**Task statement:**
Your task is to transcribe, word for word, the line containing "ALPARSLAN DİYARI- Muş'ta" and all lines that follow it to the end of the entries. Leave out the pictures.

**Data extracts:**
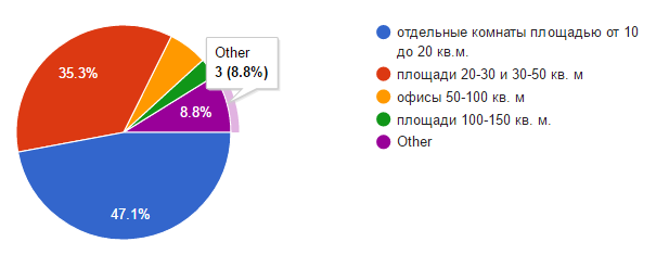 Оценивая существующий спрос, большая часть опрошенных (47,1%) склоняется к потребности в помещениях до 20 кв.м, треть - до 50 кв.м.
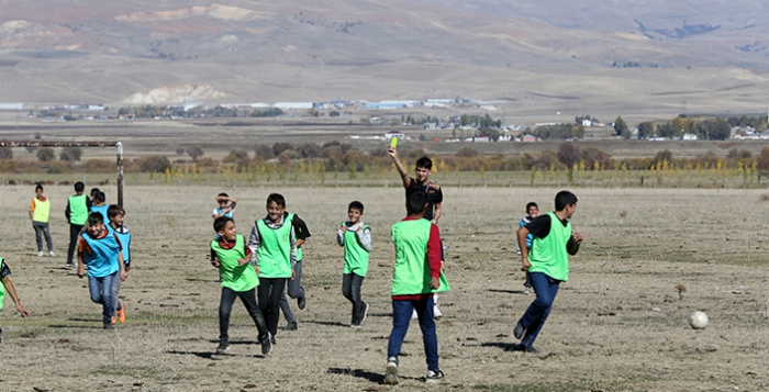 ALPARSLAN DİYARI- Muş'ta gençlik merkezi liderleri ve gönüllü gençler, "Gazozuna Maç" projesi kapsamında gittikleri köylerde futbol maçları organize ederek, çocuk ve gençleri spora yönlendirmeye çalışıyor.
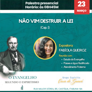 Amanhã (23/03) às 08:45Palestra Presencial Estudo: NÃO VIM DESTRUIR A LEI (ESE, Cap. I).Expositora: FABÍOLA QUEIROZLocal: GRUPO ESPÍRITA CASA DE […]
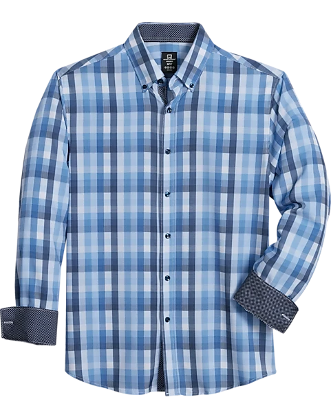 Michael Strahan Modern Fit Button-Down Collar 4-Way Stretch Sport Shirt, Blue Check
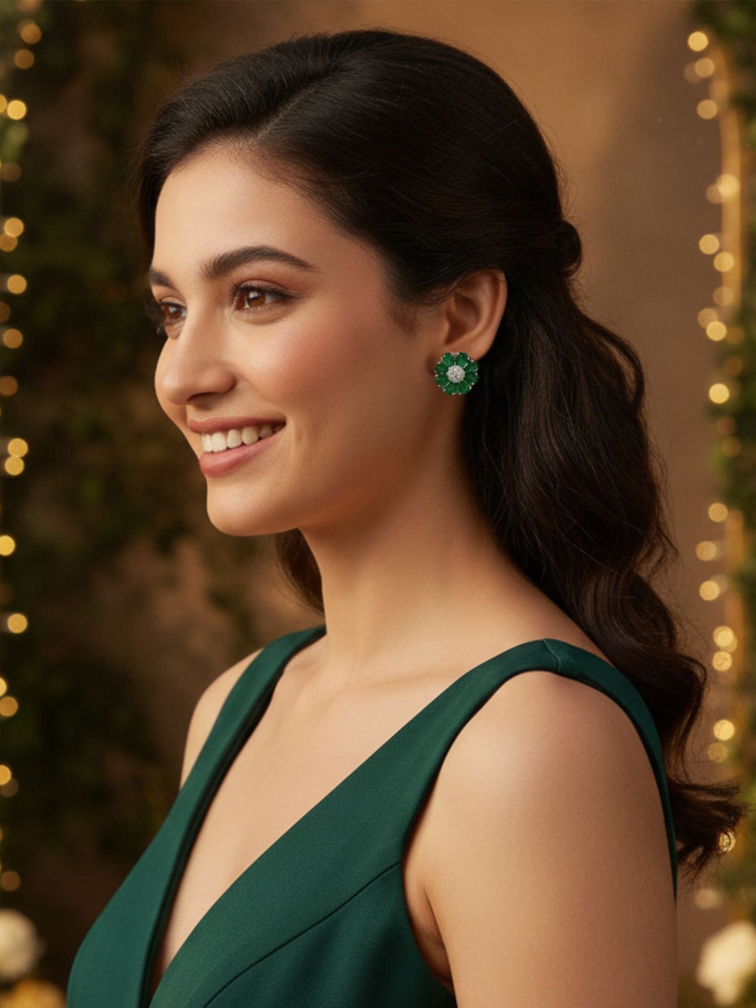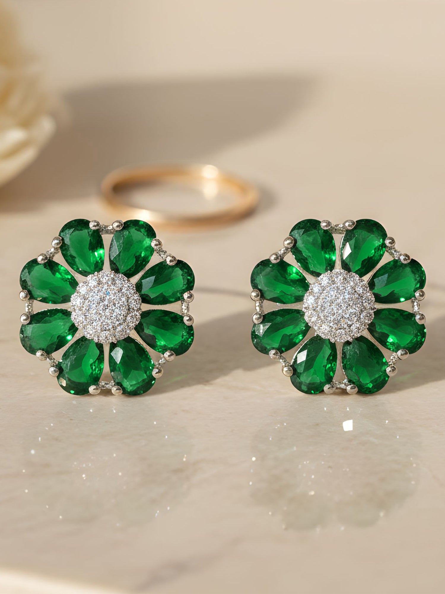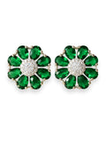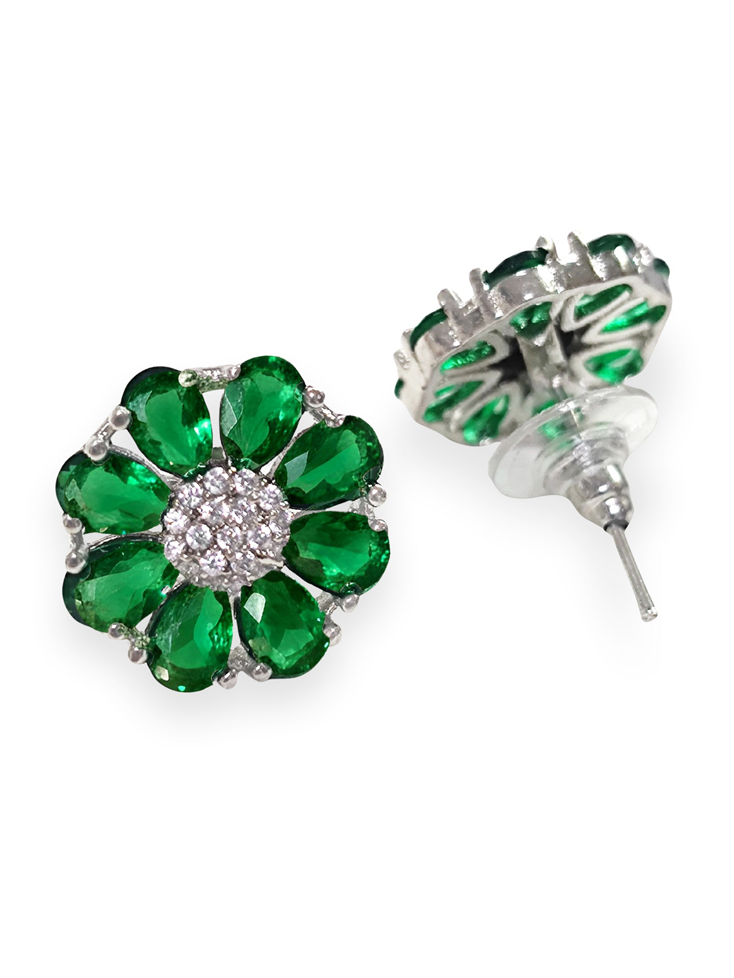 KARATCART Classic Green American Diamond Silver-Plated Floral Stud Earrings for Women

**Completed exercise:**
 ALPARSLAN DİYARI- Muş'ta gençlik merkezi liderleri ve gönüllü gençler, "Gazozuna Maç" projesi kapsamında gittikleri köylerde futbol maçları organize ederek, çocuk ve gençleri spora yönlendirmeye çalışıyor.
 Amanhã (23/03) às 08:45Palestra Presencial Estudo: NÃO VIM DESTRUIR A LEI (ESE, Cap. I).Expositora: FABÍOLA QUEIROZLocal: GRUPO ESPÍRITA CASA DE […]
 Michael Strahan Modern Fit Button-Down Collar 4-Way Stretch Sport Shirt, Blue Check
 KARATCART Classic Green American Diamond Silver-Plated Floral Stud Earrings for Women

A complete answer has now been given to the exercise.